Why wouldn’t donations be a reasonable proxy? 3,000 samples is more than enough to have a statistically significant analysis of a population of 100,000.
> 3,000 samples is more than enough to have a statistically significant analysis of a population of 100,000.
It's not a valid sample because it's not a random selection - statistical sampling isn't only about sample size.
One reasonable conclusion that can be drawn from the above numbers is that the Democrats in government are less stingy about donations, or that the Republicans there don't really like the GOP and are there for the money alone.
I think that’s an odd theory.
Nationally, Democrats raise significantly more money than Republicans[0], especially from small donors[1]. It wouldn't be surprising to me if this skew was stronger for people working in government.
[0] https://www.opensecrets.org/political-parties
[1] https://www.opensecrets.org/elections-overview/donor-demogra...
It's not as odd when you look at employment length. One of the stats I've seen is that Democrats who go into the civil service are more likely to stay long term. Republicans are more likely to leave for the private sector.
I'd expect employees who have been there longer, and so are likely making more money, to be both more likely than shorter term employees to make political donations and to be likely to make bigger donations than those shorter term ones that do donate.

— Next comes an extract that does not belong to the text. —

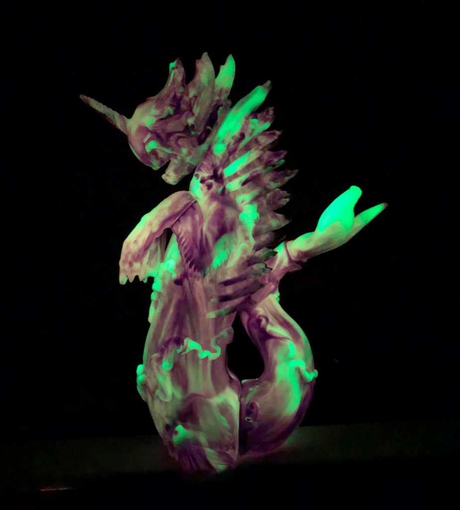 The infamous Bake-Kujira rises from the deepest and darkest oceans once again! The newest edition to the marbled GID Bake-Kujira series! This time in a gorgeous violet that blends into a nice pink colour when mixed with the GID vinyl. Candie quotes “This is probably my favorite marbled colorway so far!” Only 30 pieces produced.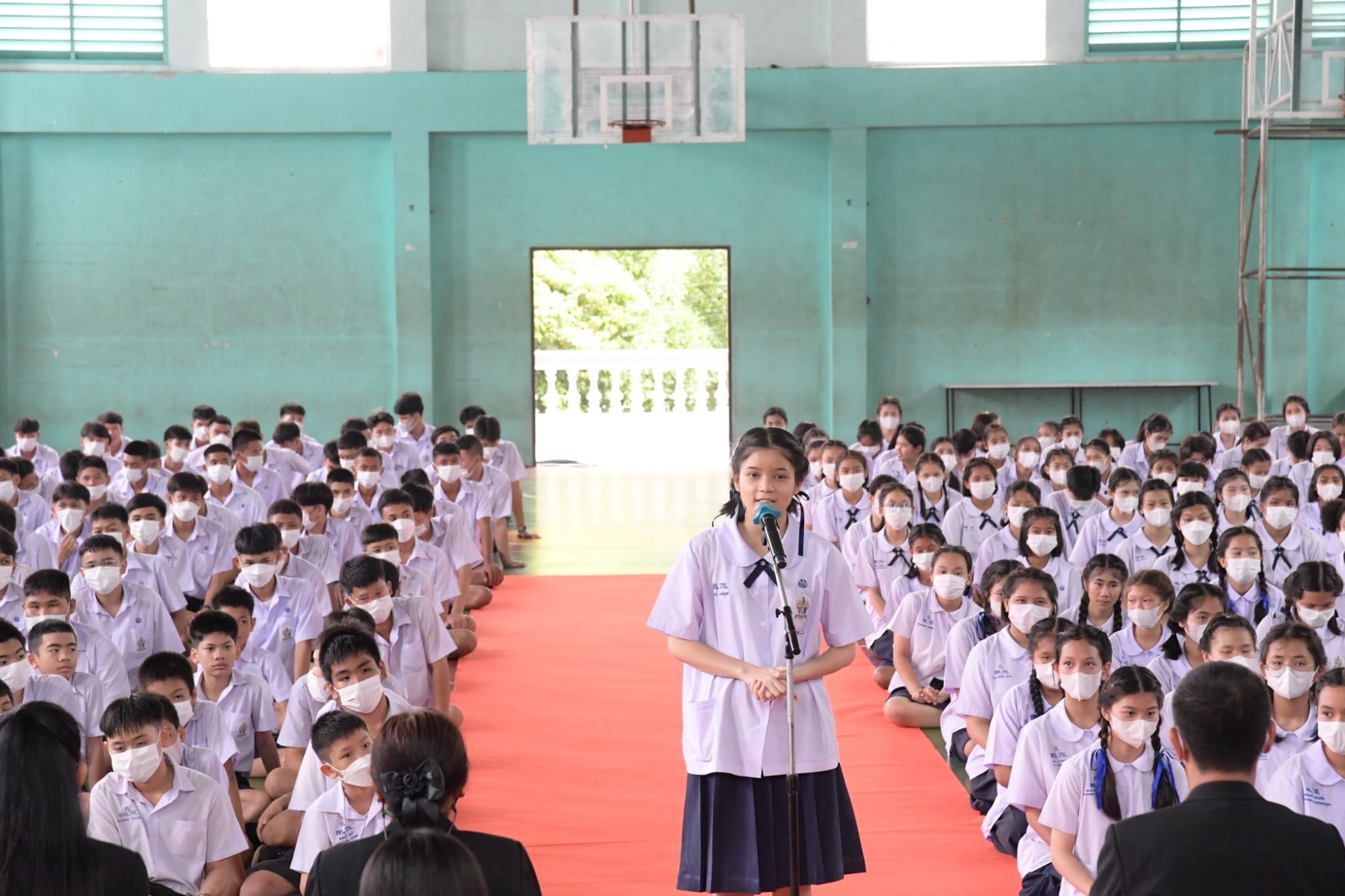 ท่าน ผอ.ธนรา สิรธำรงเลิศ ประธานในพิธีปัจฉิมนิเทศและรับประกาศนียบัตรของนักเรียนชั้น ป.6, ม.3 และ ม.6 ประจำปีการศึกษา 2565 โดยมีท่านรองฯ และคณะครูเป็นเกียรติในพิธี

It is not a population sample - IE: we didn’t randomly pick 3000 people and observed who they donated to. Or in other words: we asked the whole population who they wanted to donate to and 97,000 said “none”.
> There is an ulterior motive for these cuts, but please be honest about what it is.
If you admit that the administration is up to "ulterior motives", you have to admit that they are likely to have more than one. There's no reason to assume there's only a single one and we should disregard everything else, no matter how well supported by the facts - looking at the composition of this admin, a drive to corpocracy is a a rather well supported assumption.
On the other hand, if a re-balancing was justified or required, it wouldn't be an ulterior motive, it would be up, front and center because it helps to paint the admin in a good light. The scope and reasons for the imbalance would be widely discussed... something that isn't happening. Also, to avoid disruption, it would be done gradually and absolutely NOT under the diabolical slogan "The Government is Bad".
I think, I practically proved the point of the parent of your comment, and disproved yours.
That link is looking at money donated which is not a very good measure because the amount a person donates is not fixed.
When you instead match up personnel and voter registration records you get that about half of the federal workforce was Democrats. Republicans were around a third in the late 1990s, but fell to about a quarter by 2019.
Polls of federal workers for specific elections also suggest that it is not nearly as imbalanced as the money totals. For instance in the 2022 midterms 37% of federal workers said they were voting Democrat in Senate races and 33% said they were voting Republican. In House races it 46% voting Democrat, 35% voting Republican.
> This is not a sustainable situation in a democracy.
Purging your enemies from everything and instead putting your buddies (especially as dishonest and unqualified as the ones this admin brought) will fix the current "unsustainable" situation? Is it even marginally less bad? Because looking from the distance what they're doing is changing from "not great" to "awful" for democracy, and looking close up I'm sure it looks even worse.
There's not a single illegal, abusive, or plain stupid thing that this admin has done where you can't find some "silver lining" that allows you to dilute the problem and make it look like you're part of some solution. "And well, the implementation may not have been perfect but we're trying to fix things".
Nothing about this was for democracy or the country, and who those people donate do doesn't matter. Only who they don't donate to.
I think an independent civil service dominated by a single party is the single greatest threat to democracy. It’s highly destabilizing when the executive branch is on auto-pilot pursuing its own policies regardless of whom voters elect as President.
> an independent civil service dominated by a single party is the single greatest threat to democracy
Any party? I'm not sure if you realize what's coming next, or if you saw the irony as you typed this. No need for more mental gymnastics rayiner.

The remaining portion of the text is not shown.